The second: for the data of each year, it is divided into 12 partitions separately, that is, according to the joint dimension of month and year. There are 144 partitions in total, and each partition corresponds to the data of a month of a specific year.

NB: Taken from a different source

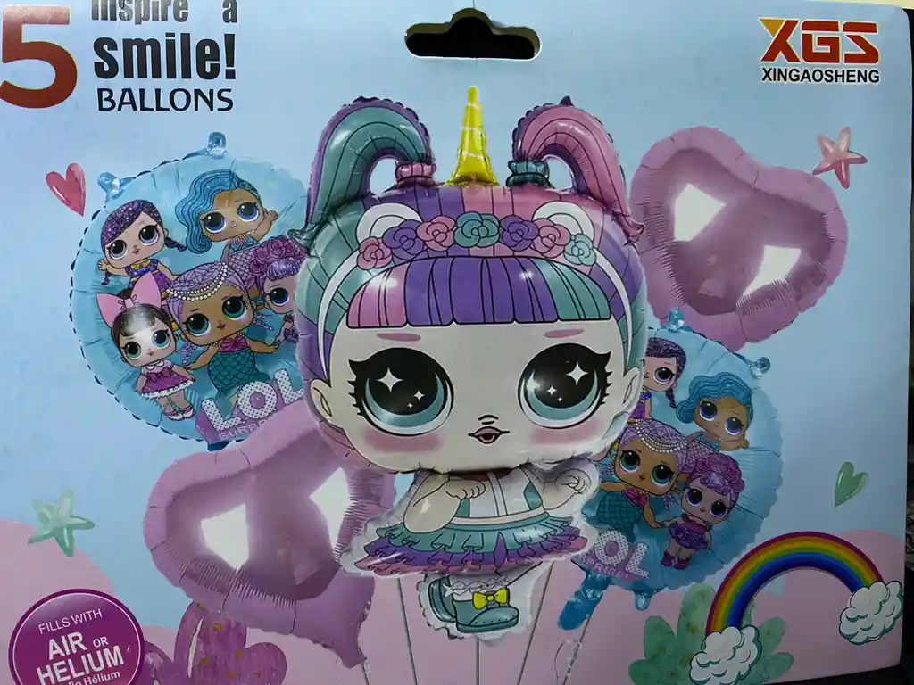 BOMBAS GLOBOS POR 5 PIEZAS DISEÑO MUÑEQUITAS LOL PARA DECORACION DE FIESTAS MUJER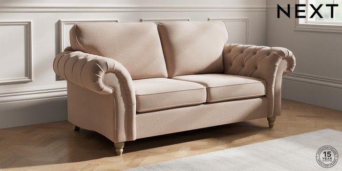 7.2.10 Gosford Highback II Deep Sit 3 Seater Small Sofa Relaxed Linen Look Mid Natural Low Turned - Light | Made Click here to use our website with more accessibility support, for example screen readers

Adding this partition is a little more troublesome. Clone the table ytt_pt1_month1 is ytt_pt1_month2, write a stored procedure here to add partition information:

DELIMITER $$

USE `ytt`$$

DROP PROCEDURE IF EXISTS `sp_add_partition_ytt_pt1_month2`$$

CREATE DEFINER=`root`@`%` PROCEDURE `sp_add_partition_ytt_pt1_month2`()
BEGIN
    DECLARE i,j INT UNSIGNED DEFAULT 1;
    DECLARE v_tmp_date DATE;
    SET @stmt = '';
    SET @stmt_begin = 'ALTER TABLE ytt_pt1_month2 PARTITION BY RANGE COLUMNS (log_date)(';
        SET i = 2010;        
        WHILE i <= 2020 DO
          SET j = 1;
          WHILE j <= 12 DO
            SET v_tmp_date = CONCAT(i,'-01-01');
            SET @stmt = CONCAT(@stmt,'PARTITION p',i,'_',LPAD(j,2,"0"),' VALUES LESS THAN (''',DATE_ADD(v_tmp_date,INTERVAL j MONTH),'''),');
            SET j = j + 1;
          END WHILE;
          SET i = i + 1;
        END WHILE;    
    SET @stmt_end = 'PARTITION p_max VALUES LESS THAN (maxvalue))';
        SET @stmt = CONCAT(@stmt_begin,@stmt,@stmt_end);
        PREPARE s1 FROM @stmt;
        EXECUTE s1;
        DROP PREPARE s1;

        SET @stmt = NULL;
        SET @stmt_begin = NULL;
        SET @stmt_end = NULL;    
    END$$

DELIMITER ;

mysql> call sp_add_partition_ytt_pt1_month2;
Query OK, 0 rows affected (2 min 20.48 sec)

The results are similar:

PARTITION p2010_01 VALUES LESS THAN ('2010-02-01') ENGINE = InnoDB,
 ...
 PARTITION p2010_12 VALUES LESS THAN ('2011-01-01') ENGINE = InnoDB,
 PARTITION p2011_01 VALUES LESS THAN ('2011-02-01') ENGINE = InnoDB,
...
 PARTITION p2011_12 VALUES LESS THAN ('2012-01-01') ENGINE = InnoDB,
 ...
 PARTITION p2020_12 VALUES LESS THAN ('2021-01-01') ENGINE = InnoDB,
 PARTITION p_max VALUES LESS THAN (MAXVALUE) ENGINE = InnoDB)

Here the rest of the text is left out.